» **Assignment**: Omit any picture, and return the remaining data exactly as written.

▼

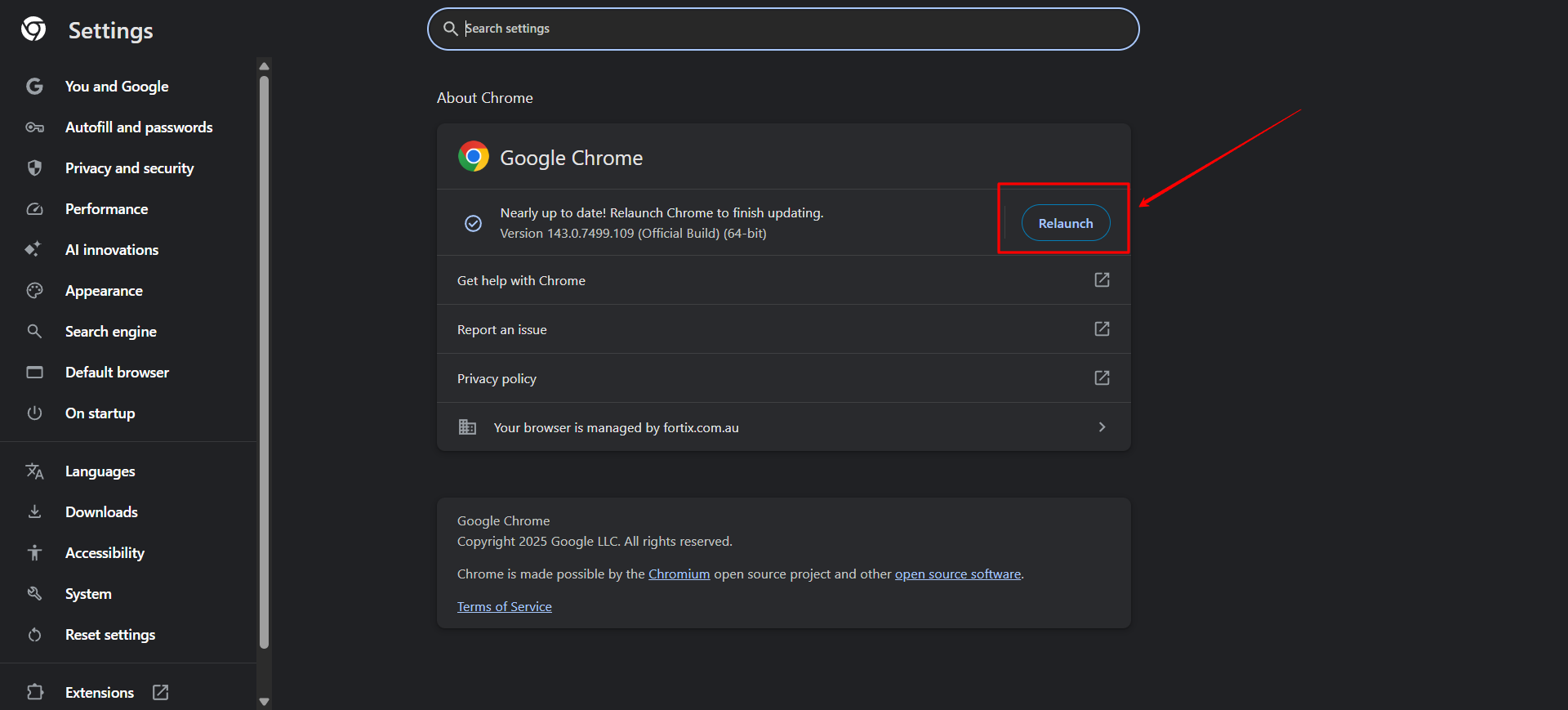 - Once the update finishes, click Relaunch to restart Chrome.
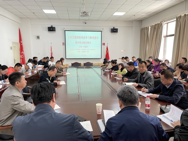 按照校党史学习教育领导小组工作部署安排,4月29日,学校党史学习教育宣讲团成员、马克思主义学院副教授何国萍在艺术职业学院会议室讲授“新中国法治发展史”专题讲座,副校长张焱出席宣讲会,社会体育学院全体师生党员及艺术职业学院、教务处、招生就业处、科技处、学报编辑部、图书馆等7个部门党员共计60余人听讲。宣讲会由社会体育学院党总支书记陆克珠主持。
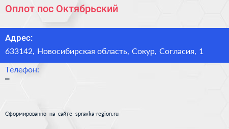 Оплот, пос. Октябрьский по адресу 633142, Новосибирская область, Сокур, Согласия, 1 в дальнейшем Организация, размещена в следующих категориях:
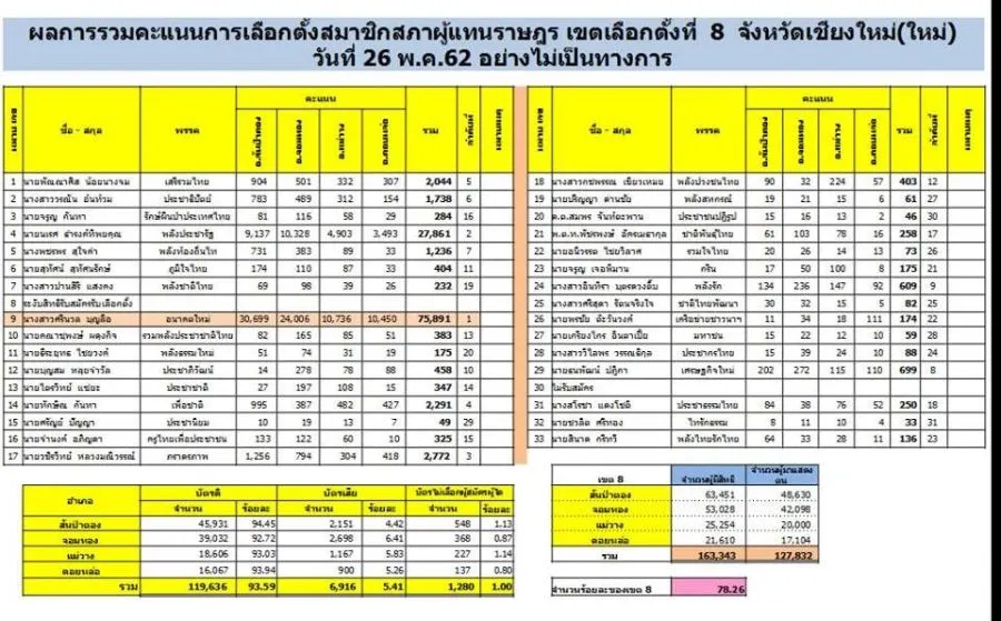 แหล่งที่มา: ข้อมูลจากเฟสบุ๊ก : สำนักงานคณะกรรมการการเลือกตั้งจังหวัดเชียงใหม่ https://www.reportdays.co
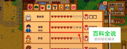 谢恩最喜欢的东西是辣椒,这种作物种下去可以重复多次收获,在温室种1棵就有源源不断的供应了,同时辣椒也是路易斯的最爱。 每周送两次辣椒给谢恩,这样很快就能凑够八颗心。
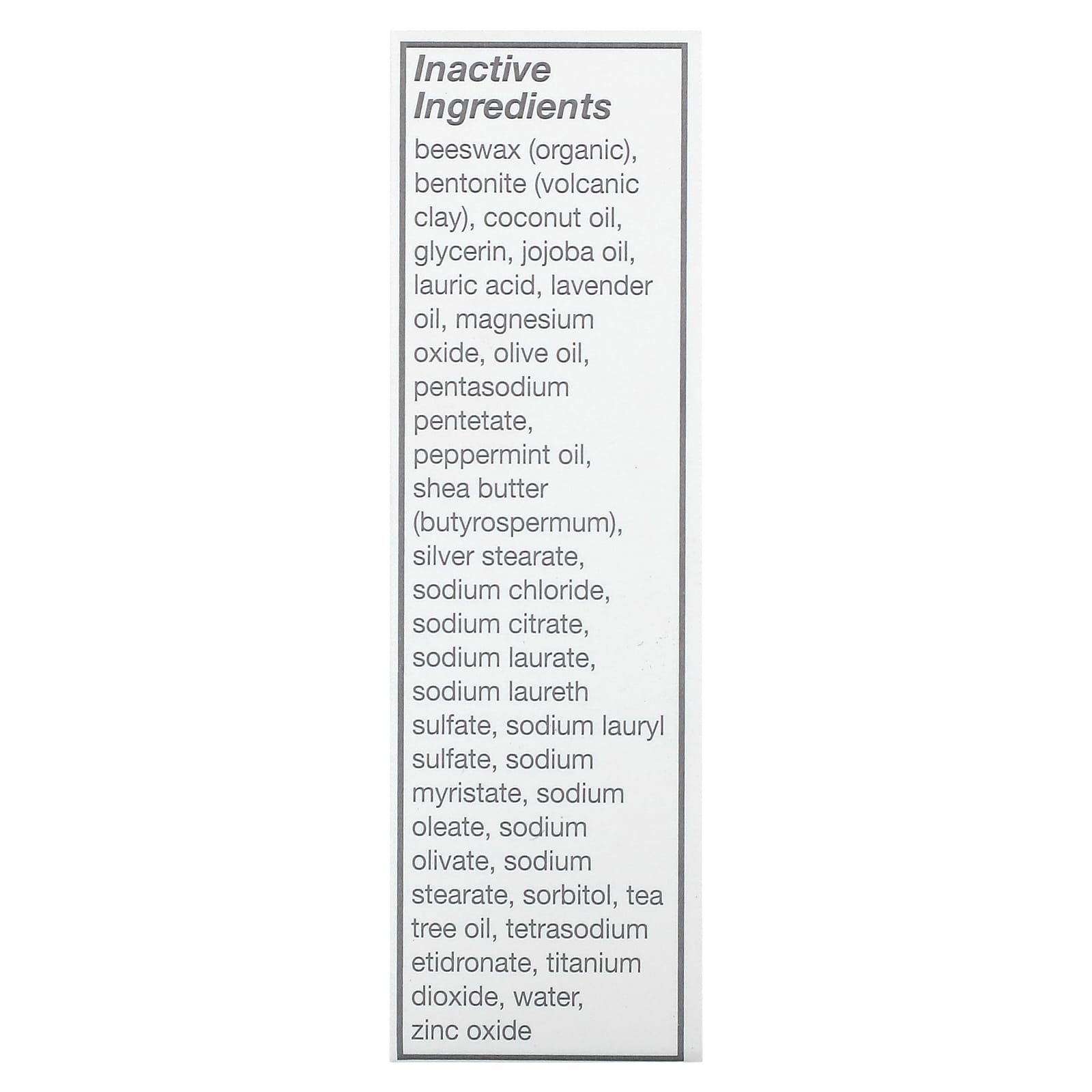 | Вспомогательные ингредиенты : пчелиный воск (органический), бентонит (вулканическая глина), кокосовое масло, глицерин, масло жожоба, лауриновая кислота, лавандовое масло, оксид магния, оливковое масло, пентетат натрия, мятное масло, масло ши (Butyrospermum), стеарат серебра, хлорид натрия , цитрат натрия, лаурат натрия, лауретсульфат натрия, лаурилсульфат натрия, миристат натрия, олеат натрия, оливат натрия, стеарат натрия, сорбитол, масло чайного дерева, этидронат тетранатрия, диоксид титана, вода, оксид цинка. | |
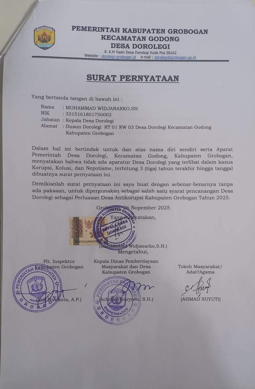 Pemerintah Desa Dorolegi Kecamatan Godong Kabupaten Grobogan menggelar...
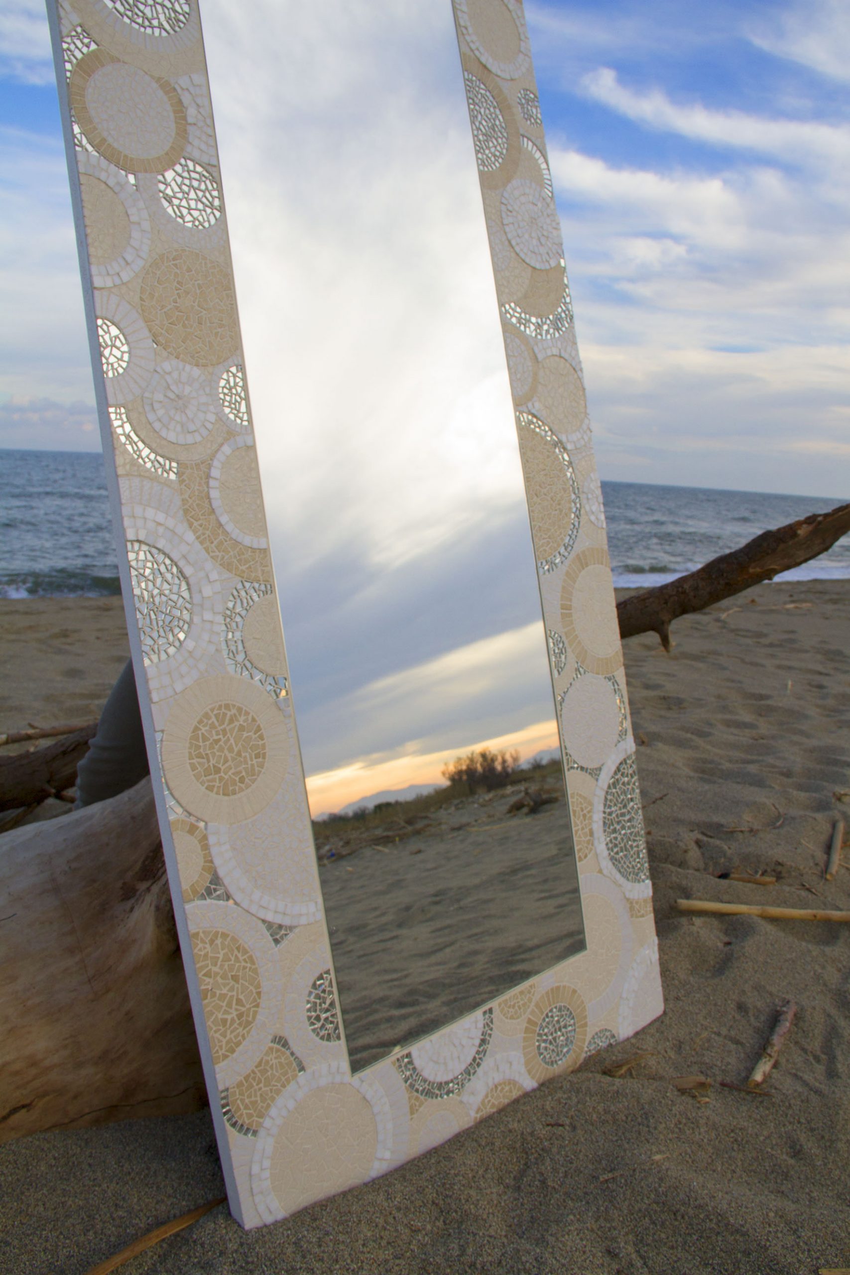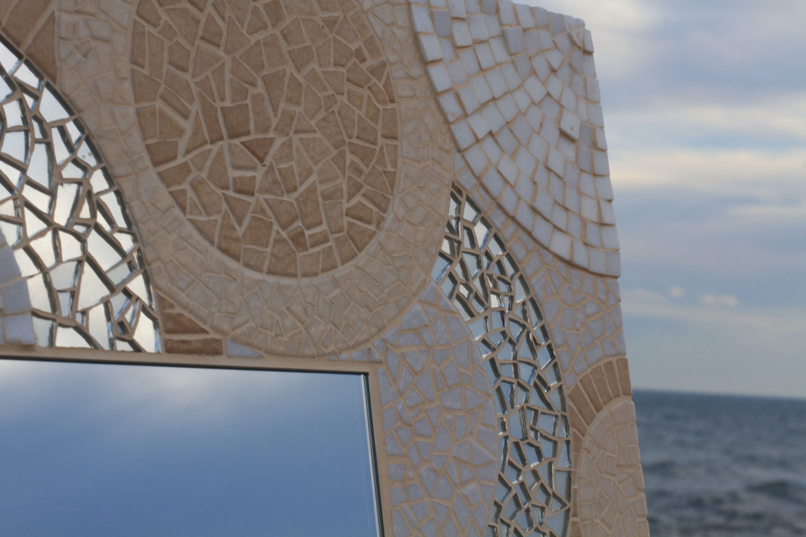 Ce miroir en mosaïque allie douceur et élégance avec des teintes blanc et beige, rehaussées par des éclats de miroir qui captent la lumière. Les formes rondes s’entremêlent avec fluidité, créant un jeu de textures et de reflets unique. Une création décorative qui apporte harmonie, luminosité et mouvement à tout espace intérieur.
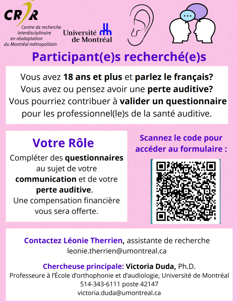 Retrouvez notre affiche sur notre programme de formation pour les utilisateurs d’aides auditives au 5e Congrès québécois de recherche en adaptation-réadaptation Détails sur l’intervention : Références Backenroth, G. A., & Ahlner, B. O. (2000). Quality of life of hearing-impaired persons who have participated in audiological rehabilitation counselling. International Journal for the Advancement of Counselling, 22(3),
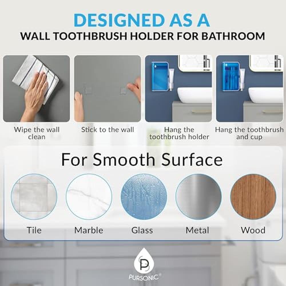 Elevate your bathroom experience with the Pursonic UV Toothbrush Sanitizer Holder, a cutting-edge wall-mounted solution designed to keep your toothbrushes clean and hygienic. This innovative holder features 5 slots for multiple toothbrushes, a toothpaste holder, and UV sanitizing technology for a germ-free experience. With no-drill installation, it's easy to use and maintain. Experience the ultimate in bathroom hygiene and upgrade your daily routine with the Pursonic UV Toothbrush Sanitizer Holder.
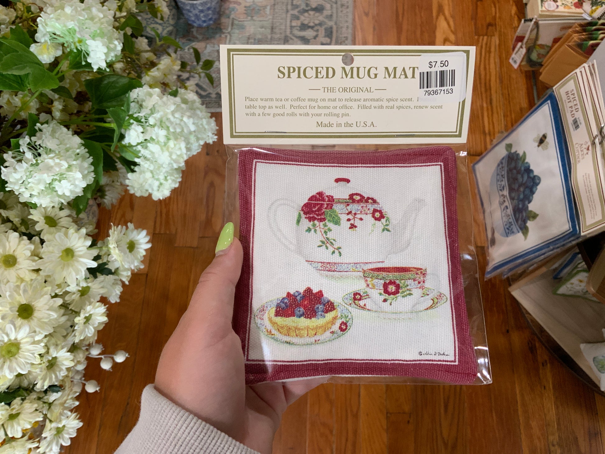 Packed with authentic spices that keep their aroma for ages. Just set your cozy tea or coffee mug on it to unlock a delightful fragrance. Shields your surfaces and fits right in at home or work. Toss it in the washer when it needs a refresh. Compact at 5" x 5", this favorite gift is proudly made in the USA!
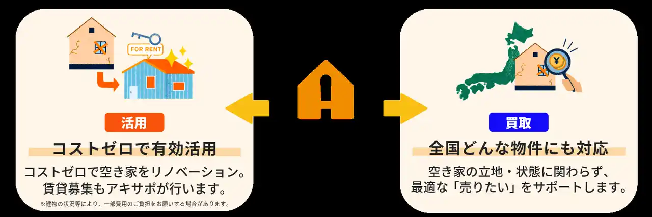 「アキサポの買取」では、「アキサポ」が直接空き家を買い受ける買取サービスを展開しております。 |
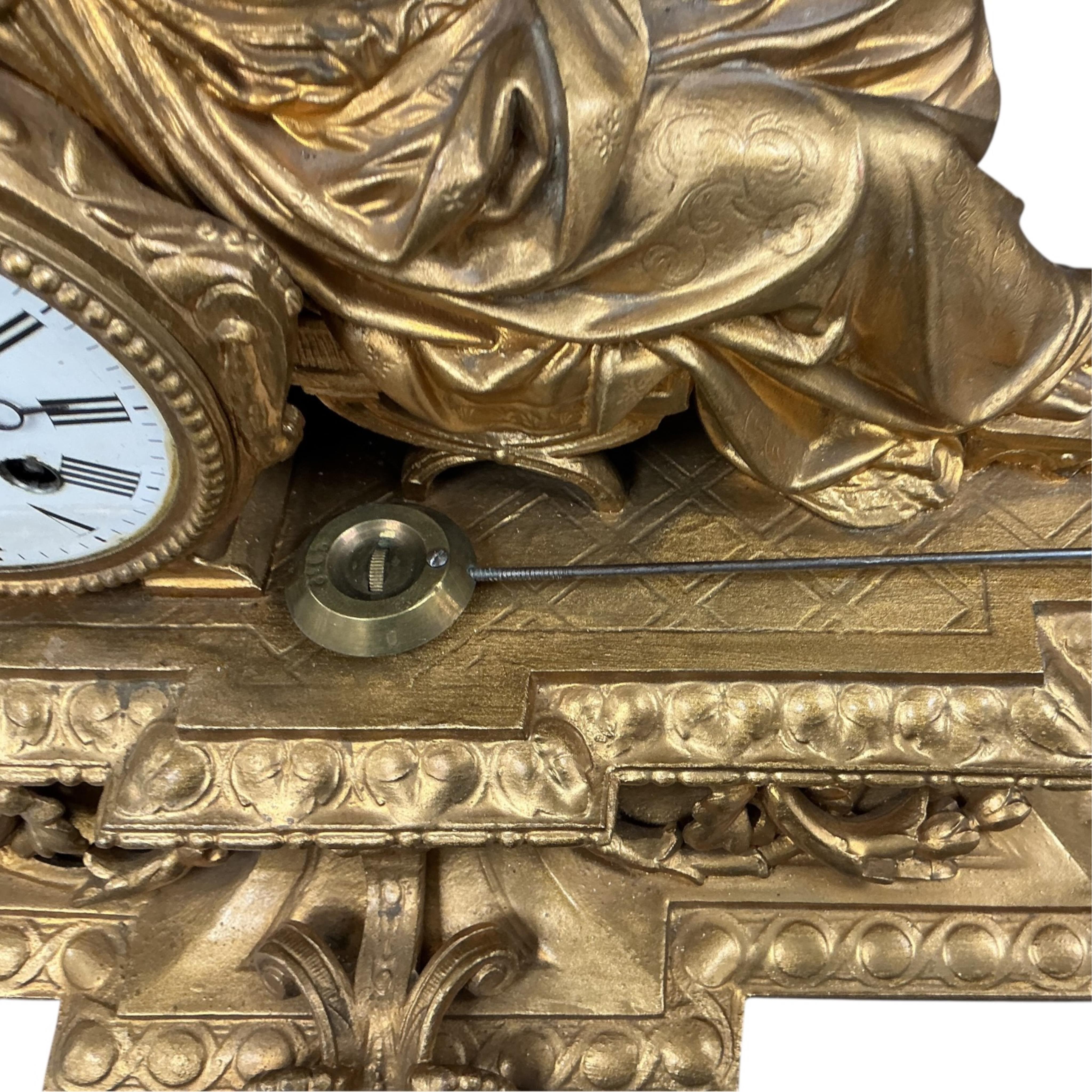 Lot 1498 , A late 19th century gilt spelter mantel clock surmounted with a lady reading a book, raised on ebonised base, with pendulum, 40cm high
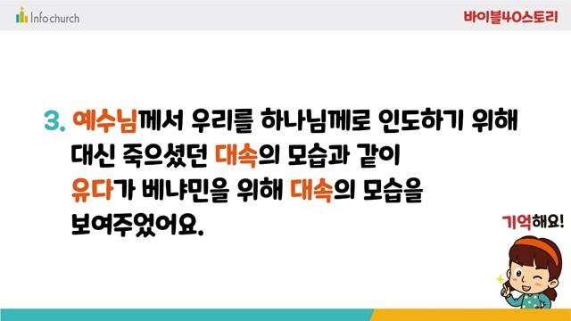 베냐민이 노예가 되어야 하는 상황에서, 유다는 대속의 모습을 보여줍니다. 예수님께서 우리를 하나님께로 인도하기 위해 대신 죽으셨던 대속의 모습과 같이, 유다가 베냐민을 아버지 야곱에게 온전히 보내기 위해 대속의 모습을 보여주었습니다.

▲

» **Task result**:
 - Once the update finishes, click Relaunch to restart Chrome.
 按照校党史学习教育领导小组工作部署安排,4月29日,学校党史学习教育宣讲团成员、马克思主义学院副教授何国萍在艺术职业学院会议室讲授“新中国法治发展史”专题讲座,副校长张焱出席宣讲会,社会体育学院全体师生党员及艺术职业学院、教务处、招生就业处、科技处、学报编辑部、图书馆等7个部门党员共计60余人听讲。宣讲会由社会体育学院党总支书记陆克珠主持。
 Оплот, пос. Октябрьский по адресу 633142, Новосибирская область, Сокур, Согласия, 1 в дальнейшем Организация, размещена в следующих категориях:
 แหล่งที่มา: ข้อมูลจากเฟสบุ๊ก : สำนักงานคณะกรรมการการเลือกตั้งจังหวัดเชียงใหม่ https://www.reportdays.co
 谢恩最喜欢的东西是辣椒,这种作物种下去可以重复多次收获,在温室种1棵就有源源不断的供应了,同时辣椒也是路易斯的最爱。 每周送两次辣椒给谢恩,这样很快就能凑够八颗心。
 | Вспомогательные ингредиенты : пчелиный воск (органический), бентонит (вулканическая глина), кокосовое масло, глицерин, масло жожоба, лауриновая кислота, лавандовое масло, оксид магния, оливковое масло, пентетат натрия, мятное масло, масло ши (Butyrospermum), стеарат серебра, хлорид натрия , цитрат натрия, лаурат натрия, лауретсульфат натрия, лаурилсульфат натрия, миристат натрия, олеат натрия, оливат натрия, стеарат натрия, сорбитол, масло чайного дерева, этидронат тетранатрия, диоксид титана, вода, оксид цинка. | |
 Pemerintah Desa Dorolegi Kecamatan Godong Kabupaten Grobogan menggelar...
 Ce miroir en mosaïque allie douceur et élégance avec des teintes blanc et beige, rehaussées par des éclats de miroir qui captent la lumière. Les formes rondes s’entremêlent avec fluidité, créant un jeu de textures et de reflets unique. Une création décorative qui apporte harmonie, luminosité et mouvement à tout espace intérieur.
 Retrouvez notre affiche sur notre programme de formation pour les utilisateurs d’aides auditives au 5e Congrès québécois de recherche en adaptation-réadaptation Détails sur l’intervention : Références Backenroth, G. A., & Ahlner, B. O. (2000). Quality of life of hearing-impaired persons who have participated in audiological rehabilitation counselling. International Journal for the Advancement of Counselling, 22(3),
 Elevate your bathroom experience with the Pursonic UV Toothbrush Sanitizer Holder, a cutting-edge wall-mounted solution designed to keep your toothbrushes clean and hygienic. This innovative holder features 5 slots for multiple toothbrushes, a toothpaste holder, and UV sanitizing technology for a germ-free experience. With no-drill installation, it's easy to use and maintain. Experience the ultimate in bathroom hygiene and upgrade your daily routine with the Pursonic UV Toothbrush Sanitizer Holder.
 Packed with authentic spices that keep their aroma for ages. Just set your cozy tea or coffee mug on it to unlock a delightful fragrance. Shields your surfaces and fits right in at home or work. Toss it in the washer when it needs a refresh. Compact at 5" x 5", this favorite gift is proudly made in the USA!
 「アキサポの買取」では、「アキサポ」が直接空き家を買い受ける買取サービスを展開しております。 |
 Lot 1498 , A late 19th century gilt spelter mantel clock surmounted with a lady reading a book, raised on ebonised base, with pendulum, 40cm high
 베냐민이 노예가 되어야 하는 상황에서, 유다는 대속의 모습을 보여줍니다. 예수님께서 우리를 하나님께로 인도하기 위해 대신 죽으셨던 대속의 모습과 같이, 유다가 베냐민을 아버지 야곱에게 온전히 보내기 위해 대속의 모습을 보여주었습니다.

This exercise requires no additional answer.